Under Pressure

What does it mean to be a writer? How do you see yourself? How do family and friends see you? How does everyone else see you? What do you do when the motivation to write isn’t there? Or when your creative energy produces less than a page of words?

I have good days and bad days. Some days I’ll get on a roll and hammer out page after page. All my energy goes into each word and I’m flying high. Other days, I have a goal to write, turn on the laptop, get settled in, look at the screen, then shut it down. Nope, just not happening. Then there are days like today. I do a little work, get some files organised for a project. It isn’t much, but it’s something, and I’m ok with that. Then someone comes along and accuses me of doing nothing. When I show my work, little as it is, and try to explain myself— “Excuses!” Yep! That’s all it is! Just excuses.

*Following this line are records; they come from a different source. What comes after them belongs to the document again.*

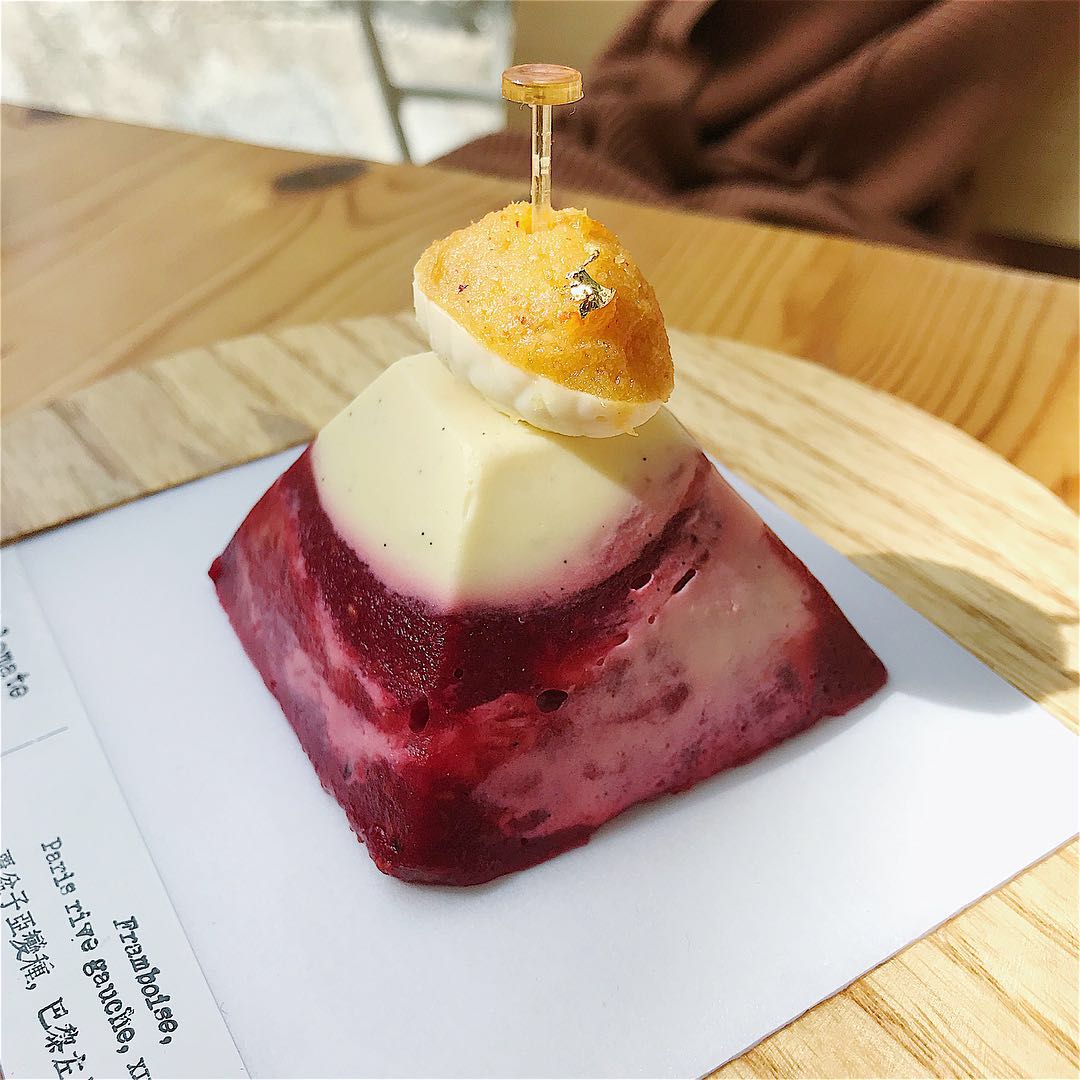 在风卷残云完两个甜点后,我又不知悔改地追加了第三个。下图这个甜点叫覆盆子外交官,上面是白巧克力包裹着微酸的陈皮。最惊喜的是里面还有跳跳糖,整个口感非常迷醉。下面则是覆盆子与芝士的结合,覆盆子的酸正好消解了芝士的腻。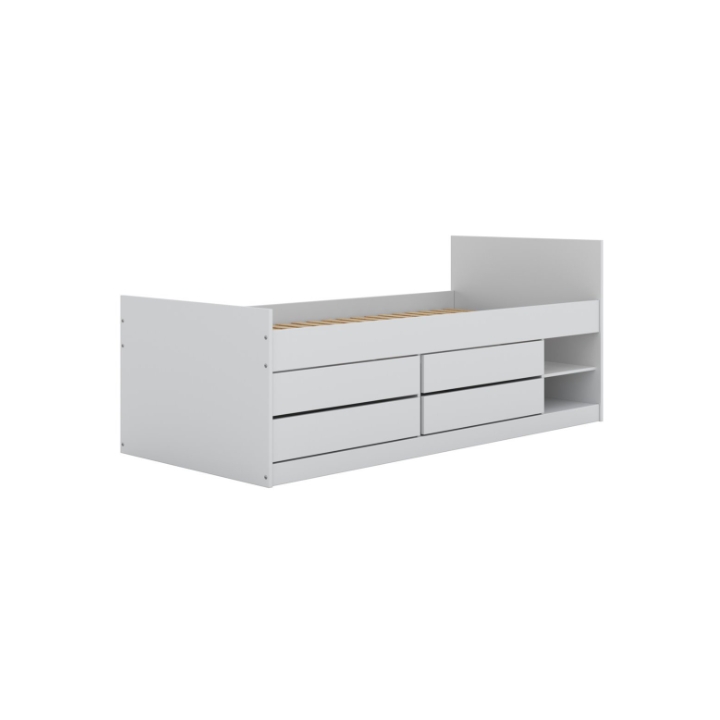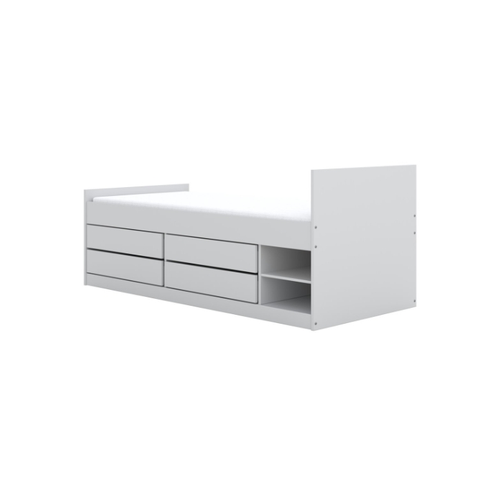 The structure has been carefully designed to combine a comfortable sleeping area of 90 × 200 cm with an expanded storage zone, making it an excellent choice for smaller interiors.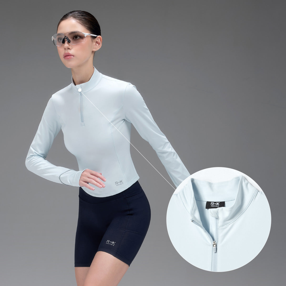 The half-neck design gently wraps the neckline, and the adjustable half-zip style makes it easy to put on and take off.

I’m sure most of the writers on here will get it, and probably even have methods for dealing with the lags in their creative process. But for me, it’s no good if I try to force it. I have editing to do, and yeah, I can do that. But it’s not like the thrill of creating, and my life is pretty overloaded right now, so I’m not feeling it.

Anyway, judging me or putting pressure on me is not the way to motivate me. Get me engaged and excited about something. Get me talking and sharing. Show some enthusiasm and so will I. That’s how to motivate me.

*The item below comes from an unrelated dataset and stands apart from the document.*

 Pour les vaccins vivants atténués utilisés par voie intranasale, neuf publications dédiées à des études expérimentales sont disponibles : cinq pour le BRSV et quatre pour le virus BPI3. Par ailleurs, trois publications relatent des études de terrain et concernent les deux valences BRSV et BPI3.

Published by Jessica Urquhart

First off, who am I? My name is Jessica Urquhart. Writing has always been a hobby of mine, which got its start in middle and highschool, when I'd write short stories for the amusement of my friends and classmates. Currently, I'm working on my first book, my one true love of a story I've been saying I would one day write. Well, that day has come. If you'd care to follow my musings on the adventures and hurdles of writing my first fantasy book, then please, read my blog.

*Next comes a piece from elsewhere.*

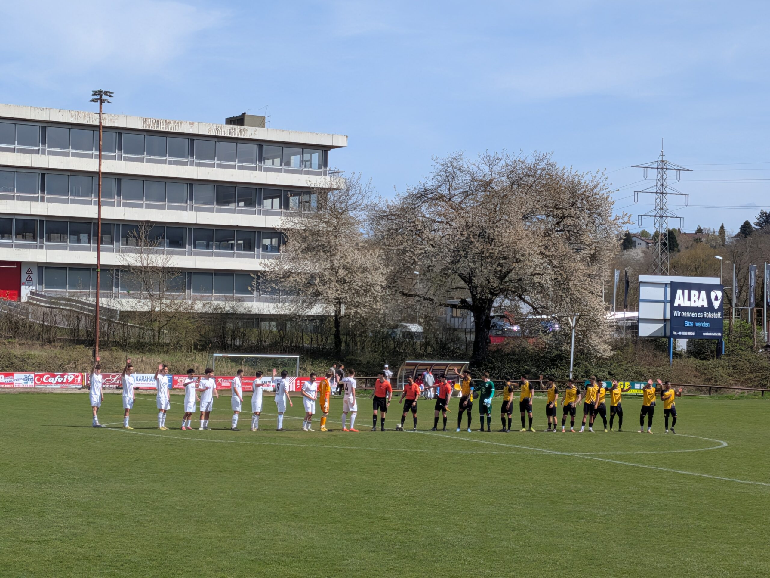 Mit einer knappen Niederlage kehrten unsere Jungs am Ostermontag aus Pforzheim zurück. Zwar gingen wir durch Amin Yazji in der 9. Minute mit 0:1 in Führung, doch die Gstgeber zeigten sich unbeeindruckt und glichen in der 13. Minute nach einem Eckball zum 1:1 aus. Großartiger Spielfluss wollte an diesem Nachmittag nicht so Recht gelingen, was wohl auch an den Platzverhältnissen lag. Pforzheim erspielte sich danach eine leichte Feldüberlegenheit und die wenigen Konter unserer Jungs verpufften noch vor dem gegnerischen Strafraum. Nach derm Seitenwechsel kam der VfB besser ins Spiel und hatte erneut durch Amin Yazji die Führung auf dem Fuß – doch scheiterte er an dem herauslaufenden Torhüter der Pforzheimer. Im weiteren Verlauf geschah dann nicht mehr viel – nennenswerte Chancen blieben auf beiden Seiten aus. In der 65. Minute gelang dann den Gastgebern nach einem vermeidbaren Eckball mit einem Sonntagsschuß aus 25m die 2:1 Führung, die bis Spielende ausreichte, da unsere Jungs in der Offensive zu harmlos waren an diesem Nachmittag.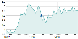 | 11/5/2014 | 0.00 / 0.00% | 6.40 | 6.50 | 6.30 | 6.40 | 6.40 | 5.44 | 120,040 |   |

3 thoughts on “Under Pressure

  1. An excellent writer only needs to be prolific if they have a multi-million Euro contract with a heavy up front stipend, then you better write your ass off whether it’s good or not and let the editing team fix it. People like us should write when we damn well please. Of course, writing steadily, however little, is a good way to keep the writer muscles firm and flexible. For myself, I’ve pushed it way too long. I need a bit of a break to get my head straight after four months of back pain and not being able to do anything but try to write.